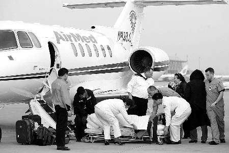 在新鄭國際機場的停機坪內,記者看到一架紅白相間的小型噴氣式飛機,機身上紅色十字的救護標志十分醒目,飛機降落后,飛機內的外籍機務人員和護士用專用的醫用擔架,將正在熟睡中的鄭麗抬下飛機,送上機場的120急救車,然后送往鄭州市內一家醫院,整個過程用了半個小時。
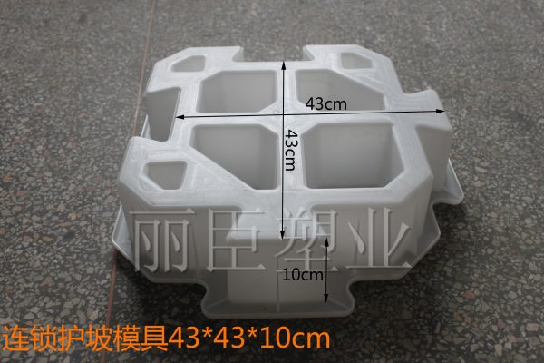 一款比較新穎的自鎖式護坡磚模具,廣泛運用于水利護坡設施項目,麗臣品牌護坡磚模具均采用聚丙烯塑料,質量更為穩(wěn)定。由于其可靠的自鎖形式,是生態(tài)護坡穩(wěn)定運行的一個重要基本要素,大量預留可植草間隙,更是提升了這個生態(tài)護坡模具所制自鎖式護坡磚的可操作性。
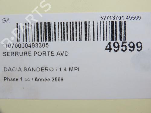 Front right lock DACIA SANDERO 1.4 (BS0C, BS0A, BS0G, BS1F, BS0E) is a unique original used part with the reference 8200735224 and with the article's id BP30867385C97
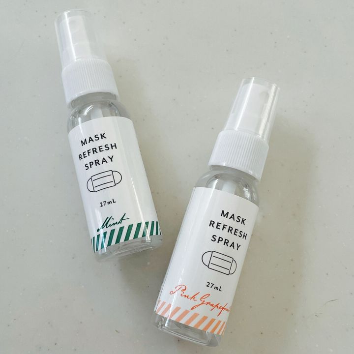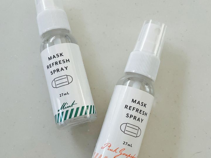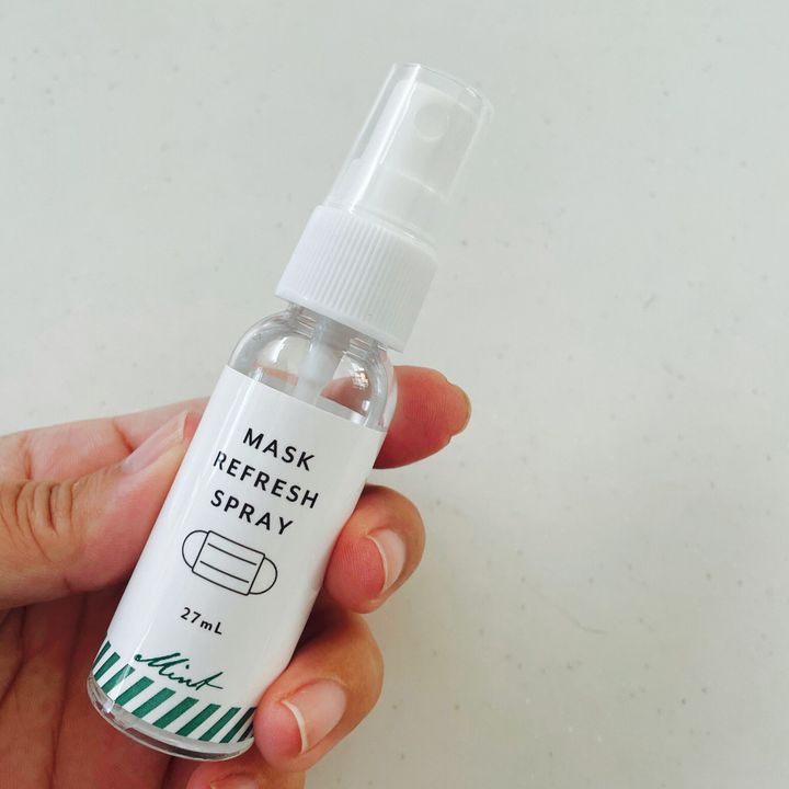 ミントスプレーを吹きかけたマスクを装着すると、とっても強いミントの香りがします。
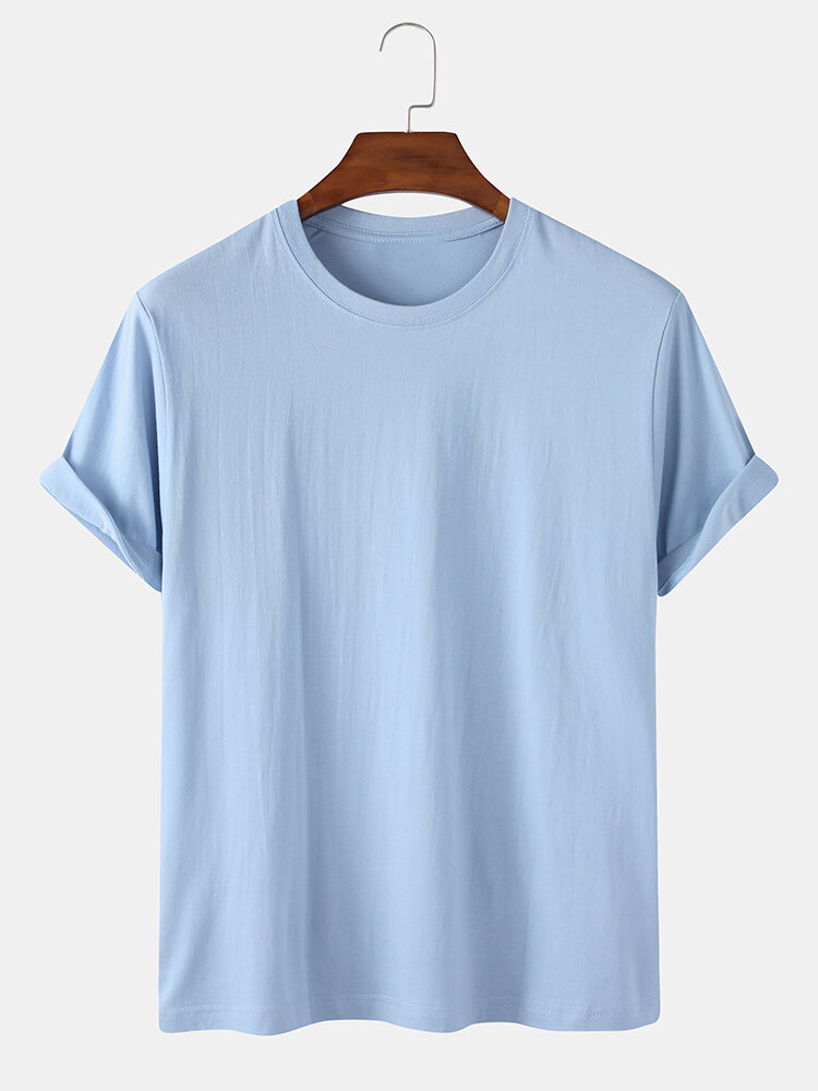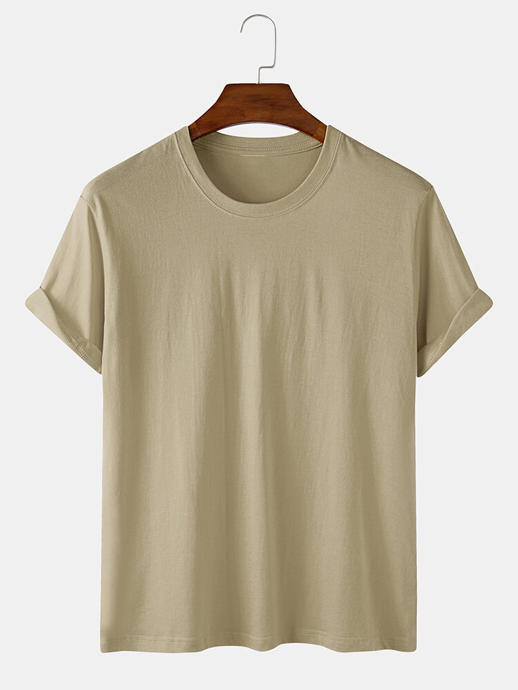 Description:Fit Type:Regular FitMaterial:CottonNeckline:Round NeckPattern Type:SolidScene:Leisure,CasualSeason:Spring,SummerSize:M,L,S,XLSleeve:Short SleeveStyle:Casual
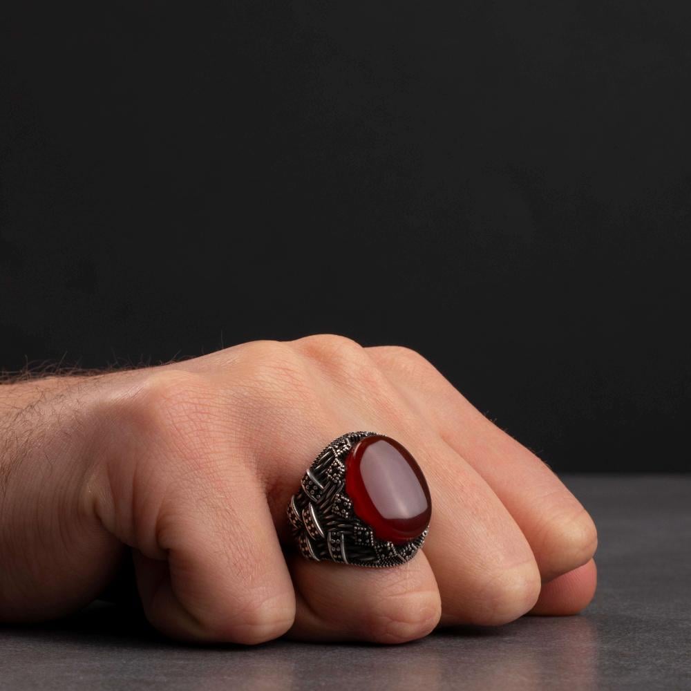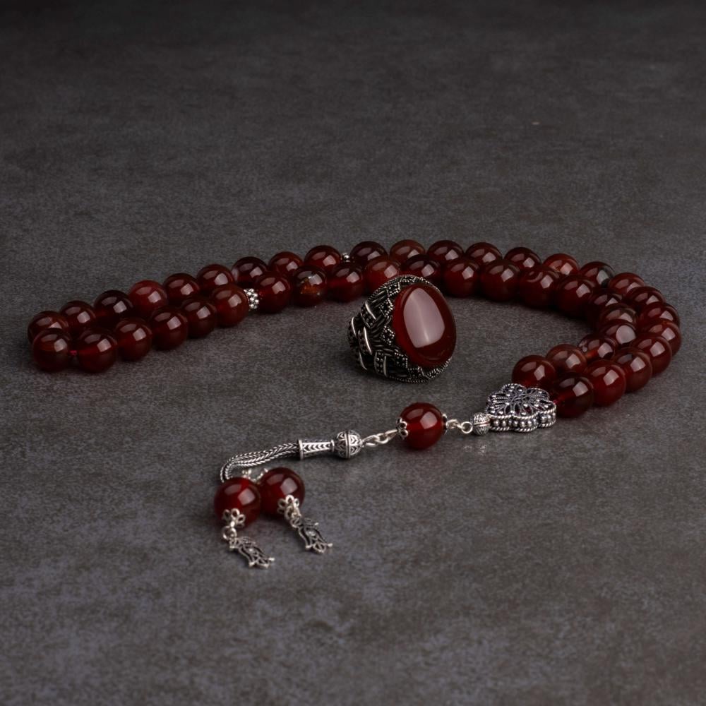• تصميم متناغم: يجمع هذا الطقم بين تألق حجر العقيق الأحمر في الخاتم ولمعان حبات العقيق الأحمر في السبحة، ليمنحك مظهرًا أنيقًا ومتكاملًا.
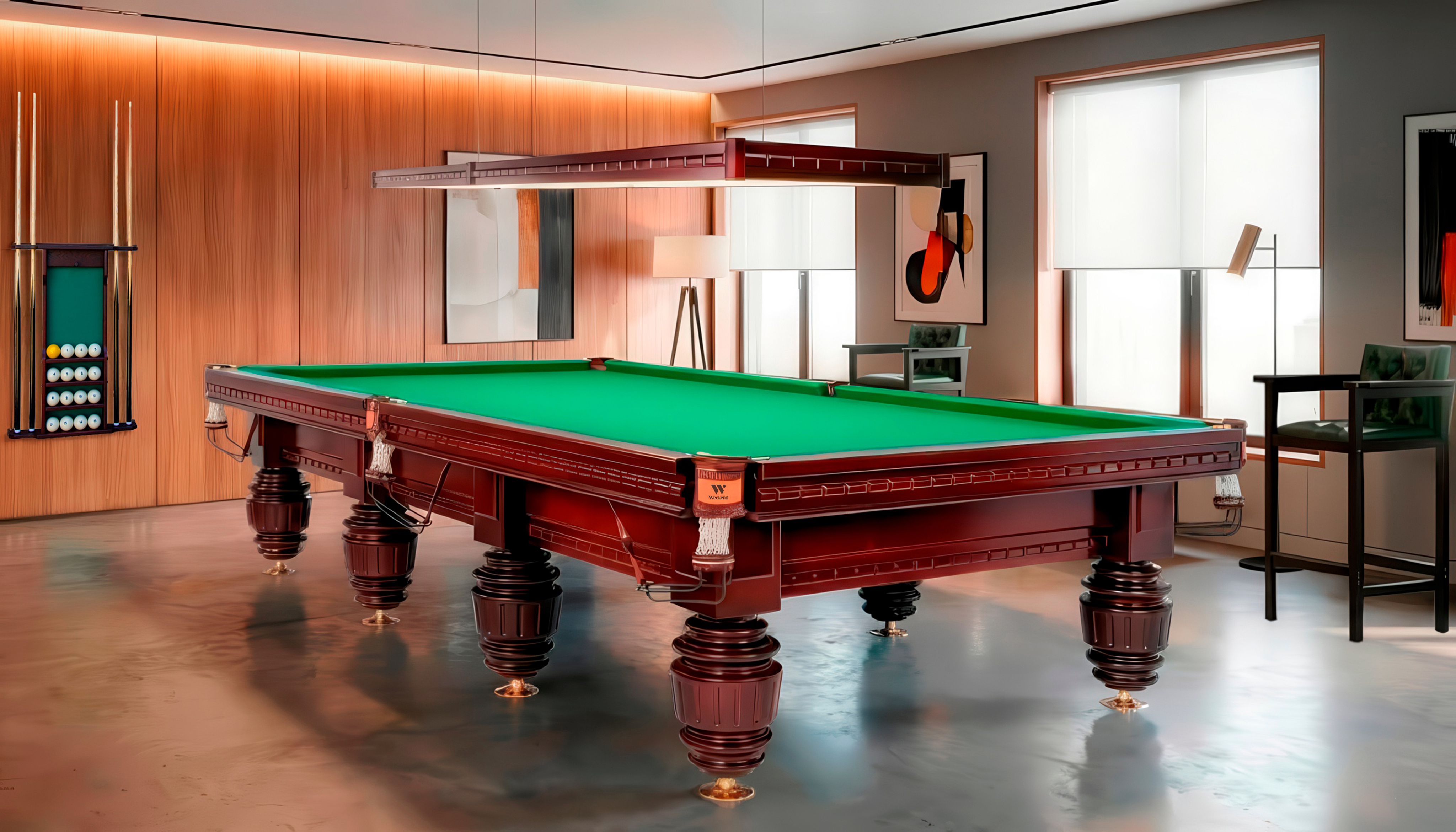 Бильярдный стол Turnus – это гармоничное сочетание изысканного классического дизайна и надежных современных технологий. Благородный оттенок махагона и массивные фигурные опоры придают столу особую элегантность и создают атмосферу настоящего аристократического клуба.
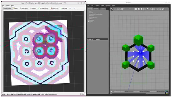 The differential drive system is modeled kinematically. The wheelbase is 25 cm and the maximum linear velocity is 0.5 m s−1 and is computed based on the 600 RPM motors and wheel diameter. Parameterization is achieved via Xacro macros, facilitating the easy modification of the dimensions and sensor locations. The model is also simulated dynamically for correct collision and physics (e.g., friction, inertia) using Gazebo. RViz is also used for the visualization of the robot state, checking for correct transform propagation and alignment of the sensor state. URDF/Xacro files are also streamlined for interaction with the navigation and SLAM stacks of ROS2, ensuring seamless integration with Cartographer and NAV2.
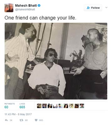 অভিনেতা বিনোদ খন্নার সঙ্গে খাস সম্পর্ক ছিল পরিচালক মহেশ ভট্টের। দু’বন্ধু মিলে একসঙ্গে বহু ভাল সময় কাটিয়েছেন। তাই স্মৃতির পাতা থেকে ছবি খুঁজে পেয়ে সকলকে দেখানোর লোভ সামলাতে পারলেন না মহেশ ভট্ট। সঙ্গে সঙ্গে শেয়ার করলেন টুইটারে। মনোক্রোম মোডের ছবিটিতে বিনোদ খন্না, মহেশ ভট্ট ছাড়াও রয়েছেন অনুপম খের। ছবির ক্যাপশনে মহেশ লিখেছেন, ‘একটাই বন্ধু জীবন বদলে দিতে পারে’।
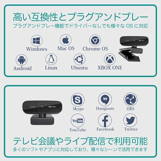 ウェブカメラ 60fps 在宅勤務 Webカメラ 自動焦点 美顔機能 1080P フルHD 200万画素 マイク内蔵 ビデオ通話 skype会議 オートフォーカス コンピューター用 タブレット XboxOne PC TV Boxサポート MAC/Windows 7/8/10対応
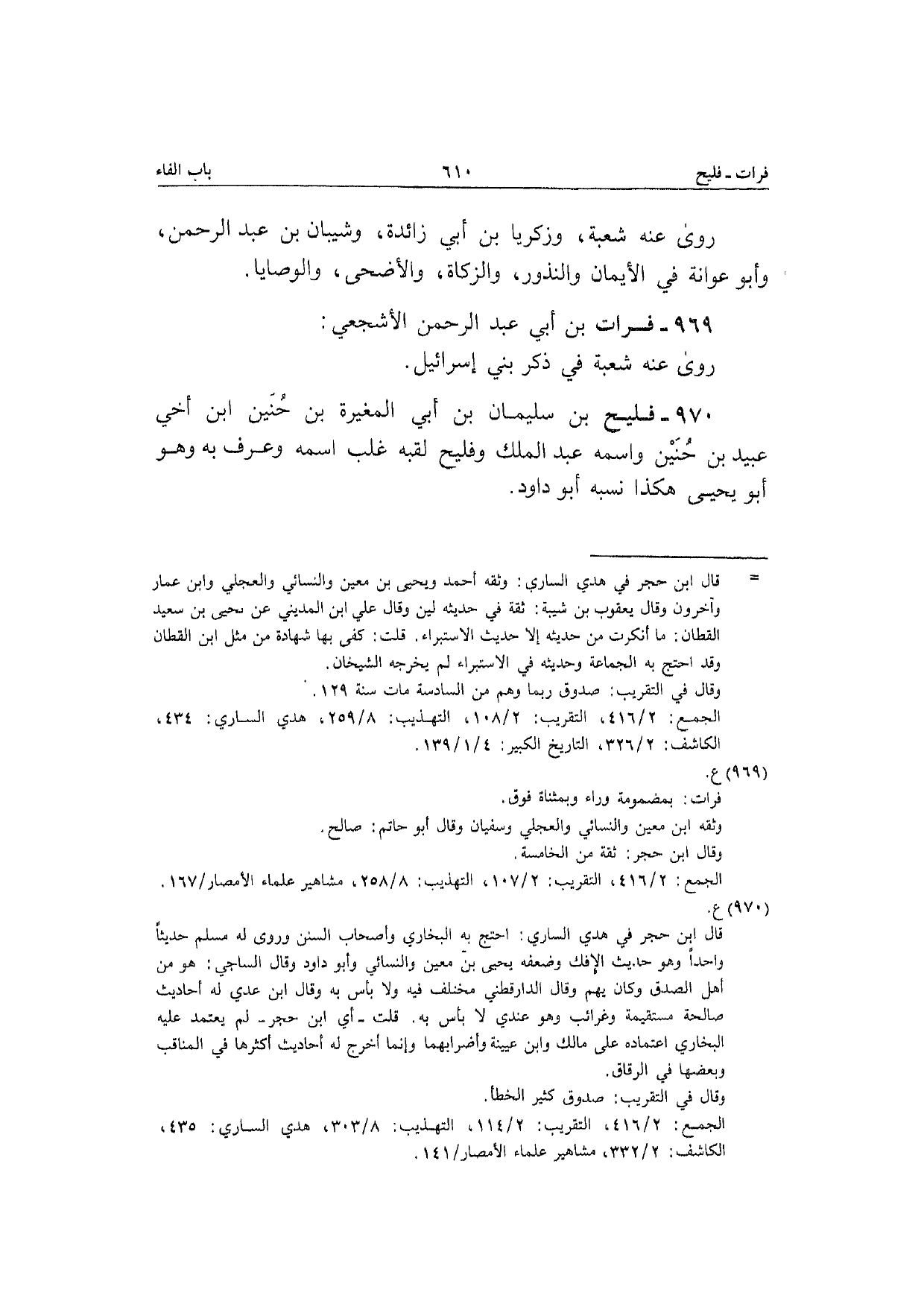 969 - فرات بن أبي عبد الرَّحْمَن الْأَشْجَعِيّ رَوَى عَنهُ شُعْبَة فِي ذكر بني إِسْرَائِيل
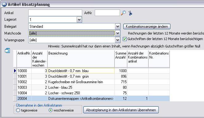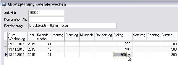 Wenn Sie die Kalenderwochendaten eines bestimmten Artikels einsehen wollen, klicken Sie doppelt auf die entsprechende Zeile.
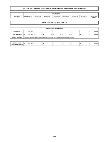 CITY OF KELLER FIVE-YEAR CAPITAL IMPROVEMENTS PROGRAM (CIP) SUMMARY
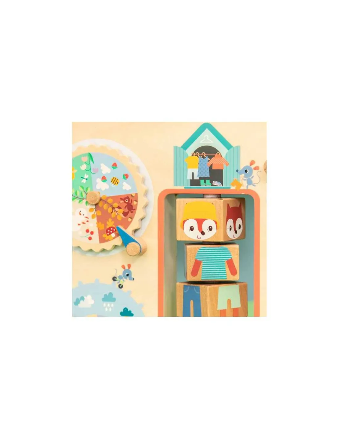 Avec Alice la renarde, composée de blocs en bois rotatifs, les enfants peuvent habiller leur personnage en fonction des conditions météorologiques. En tournant les blocs, ils apprennent à choisir les vêtements appropriés en fonction de la saison, de la pluie, du vent et de la température, favorisant ainsi leur autonomie et leur compréhension du monde qui les entoure.
==================================================
Word for word, give again the lines from the line with "অভিনেতা বিনোদ খন্নার" through the end of the records above, with both ends included and the pictures left out.

 অভিনেতা বিনোদ খন্নার সঙ্গে খাস সম্পর্ক ছিল পরিচালক মহেশ ভট্টের। দু’বন্ধু মিলে একসঙ্গে বহু ভাল সময় কাটিয়েছেন। তাই স্মৃতির পাতা থেকে ছবি খুঁজে পেয়ে সকলকে দেখানোর লোভ সামলাতে পারলেন না মহেশ ভট্ট। সঙ্গে সঙ্গে শেয়ার করলেন টুইটারে। মনোক্রোম মোডের ছবিটিতে বিনোদ খন্না, মহেশ ভট্ট ছাড়াও রয়েছেন অনুপম খের। ছবির ক্যাপশনে মহেশ লিখেছেন, ‘একটাই বন্ধু জীবন বদলে দিতে পারে’।
 ウェブカメラ 60fps 在宅勤務 Webカメラ 自動焦点 美顔機能 1080P フルHD 200万画素 マイク内蔵 ビデオ通話 skype会議 オートフォーカス コンピューター用 タブレット XboxOne PC TV Boxサポート MAC/Windows 7/8/10対応
 969 - فرات بن أبي عبد الرَّحْمَن الْأَشْجَعِيّ رَوَى عَنهُ شُعْبَة فِي ذكر بني إِسْرَائِيل
 Wenn Sie die Kalenderwochendaten eines bestimmten Artikels einsehen wollen, klicken Sie doppelt auf die entsprechende Zeile.
 CITY OF KELLER FIVE-YEAR CAPITAL IMPROVEMENTS PROGRAM (CIP) SUMMARY
 Avec Alice la renarde, composée de blocs en bois rotatifs, les enfants peuvent habiller leur personnage en fonction des conditions météorologiques. En tournant les blocs, ils apprennent à choisir les vêtements appropriés en fonction de la saison, de la pluie, du vent et de la température, favorisant ainsi leur autonomie et leur compréhension du monde qui les entoure.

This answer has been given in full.